Beautiful Bobby Eaton vs. Terrance Taylor (w/ Alexandra York)
Bobby enters first and waves to the fans. He also shakes hands with Gary Cappetta, while Ross talks about how Eaton wants to face the winner of the TV Title Match. Then, Taylor enters with Alexandra York. Terrance is wearing a tuxedo with sparkly lapels. Taylor and York pose for some photos before Terrance takes off the tux and consults with York.
Taylor tries to frustrate Eaton early with some arm drags and slaps, but Bobby fires back with his own arm drags and a clothesline. Taylor regroups on the outside and gets some data from Alexandra before returning. They trade punches and fight to the floor, where Taylor whips Eaton into the guardrail. However, Eaton back drops Taylor over it and punches him in the face. They head back inside and it’s Eaton’s turn to frustrate Taylor with some hammerlocks until Taylor hits a jawbreaker. He then sends Bobby to the ramp, but Eaton hits an atomic drop and goes to the top rope. Eaton hits a flying splash onto the ramp and then punches Terrance over the ropes. Taylor responds by throwing Eaton to the floor and sending him into the guardrail from the apron. He then uses the opening to get more data from Alexandra. Eaton returns and they fight to the ramp again, but this time, Taylor hits a gut-wrench powerbomb. Eaton crawls back into the ring, where Taylor hits a flying splash and begins wearing down Bobby with holds. Eaton tries to fight back and hits a springboard sunset flip, but Taylor is soon wearing him down again. Eventually, both men counter splash attempts by raising their knees and Eaton finally takes control. He hits a suplex and a swinging neckbreaker, while Taylor desperately tries to counter. Then, Eaton goes up top for the Alabama Jam, but Taylor crotches him. Terrance tries a superplex, but Eaton shoves him into the ring and then hits the Jam for the win.
This was a great match. They kept a good pace and never lost the crowd. Eaton is coming into his own as a singles competitor. They also made great use of the ramp, which is no surprise. Eaton is one of the few that has incorporated it into his offense seamlessly.
Winner: Bobby Eaton (16:00)
Next, Ross talks about the upcoming match between Jimmy Garvin and Johnny B. Badd. He talks about how Michael Hayes is injured, but he will be in Garvin’s corner. Ross calls this match the DDT of Garvin versus Badd’s left hook.
Johnny B. Badd (w/ Teddy Long) vs. Jimmy Garvin (w/ Michael Hayes)
The Freebirds have inexplicably turned babyface. I guess WCW needed more face teams, but I have a hard time wanting to cheer these guys. They made the turn by saving Rick Steiner from a beating by the Enforcers. None of that explains why this match is happening. This is simply more filler for this show.

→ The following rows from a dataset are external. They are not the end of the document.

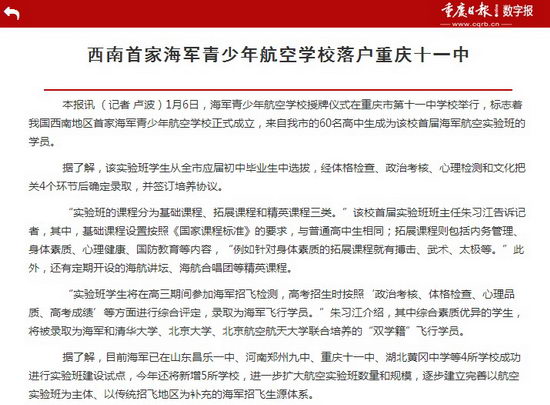 [重庆日报] 西南首家海军青少年航空学校落户重庆十一中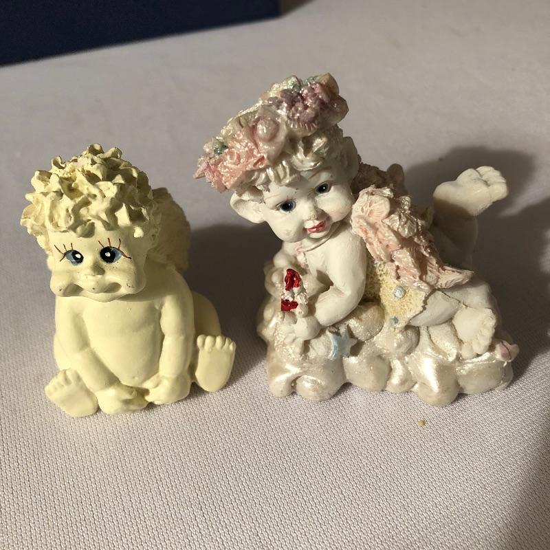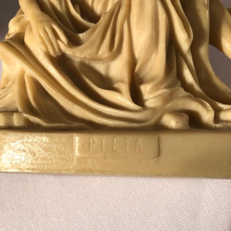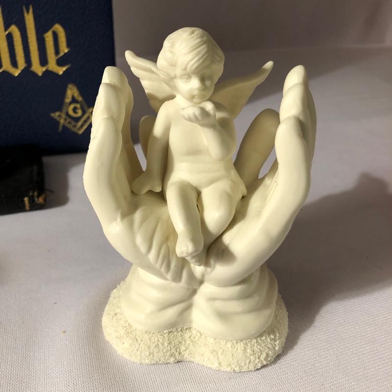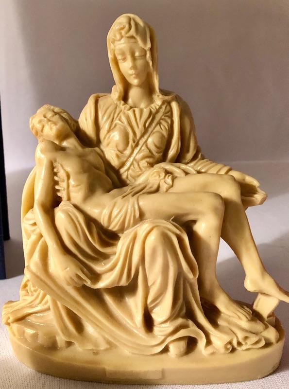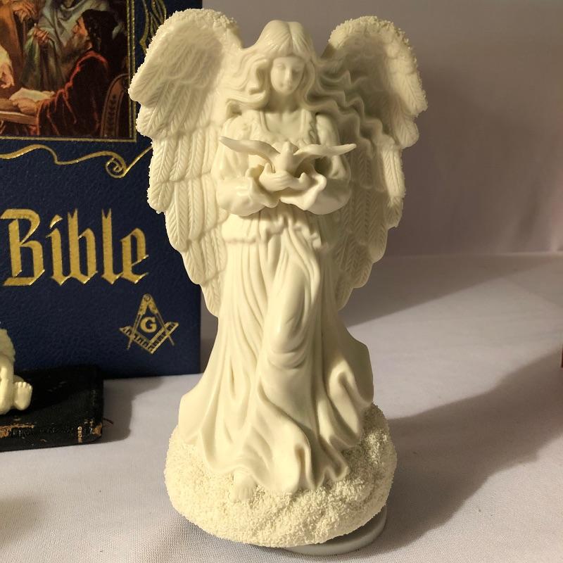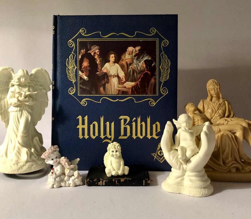 Inspiring and uplifting assortment of religious items here that includes a very large Holy Bible that’s over 700 pages, a small Oxford New Testament and five figurines. The tallest figurine of an angel holding a dove winds up to play music. The statue of two women is a heavier piece that appears to be made from stone and is labeled Pieta.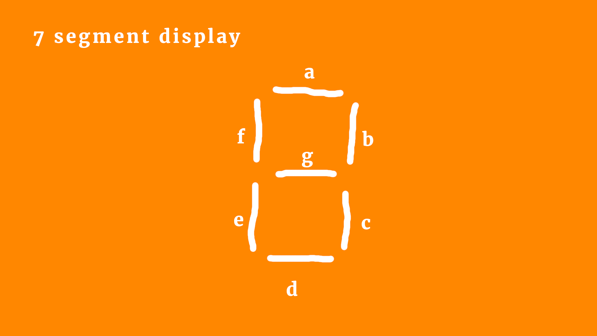 Maybe this was confusing, but logic gates are very simple objects that can be very helpful sometimes. Say we want to reset the CD4026 7-segment counter at number 3. At a displayed number 3, see the diagram above, the segments a,b,c,d, and g are ON whereas the segments e and f are OFF. Using logic gates we could check for this condition and connect the output to the reset input of the CD4026 :)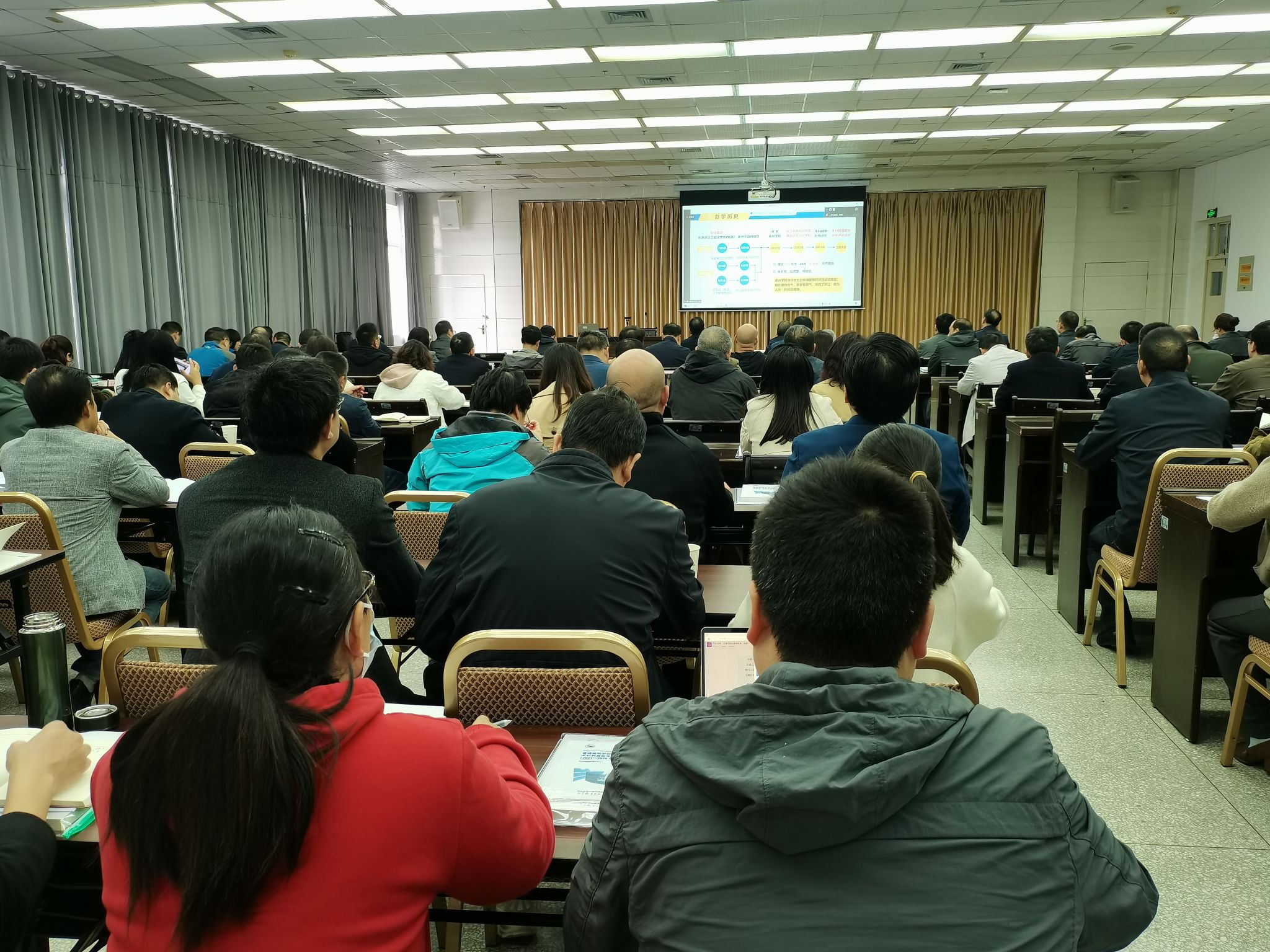 本次培训会邀请了衢州学院教务处处长、教学质量监控与评估中心主任林峰教授作题为《以评促强、特色发展,全面推进高质量本科教育》的辅导报告。林峰教授从审核评估精髓要义方面介绍了审核评估的新背景、新要求、新目标、新变化;讲解了评估指标体系内涵和评估重点;结合衢州学院评建工作实践,分享了审核评估各阶段工作的体会与感悟。培训内容全面系统,对我校审核评估自评自建工作具有重要指导意义。

Garvin enters first with Michael Hayes, who is wearing an Atlanta Braves jacket. This PPV took place on the same night as Game 7 of the World Series between the Braves and Twins. Even though they’re in Tennessee, some of the fans react well to his jacket and they do the tomahawk chop. Badd then enters next with Teddy Long. Johnny tells Long to get behind him while he poses, but he turns his back towards the camera to show off his cape. Long takes him literally and stands behind his back, which blocks part of the camera’s view. Badd then yells, “Happy Halloween,” at the camera before dancing in the ring. The Freebirds aren’t impressed. Then, Teddy Long dons some pads and lets Johnny do some quick boxing practice.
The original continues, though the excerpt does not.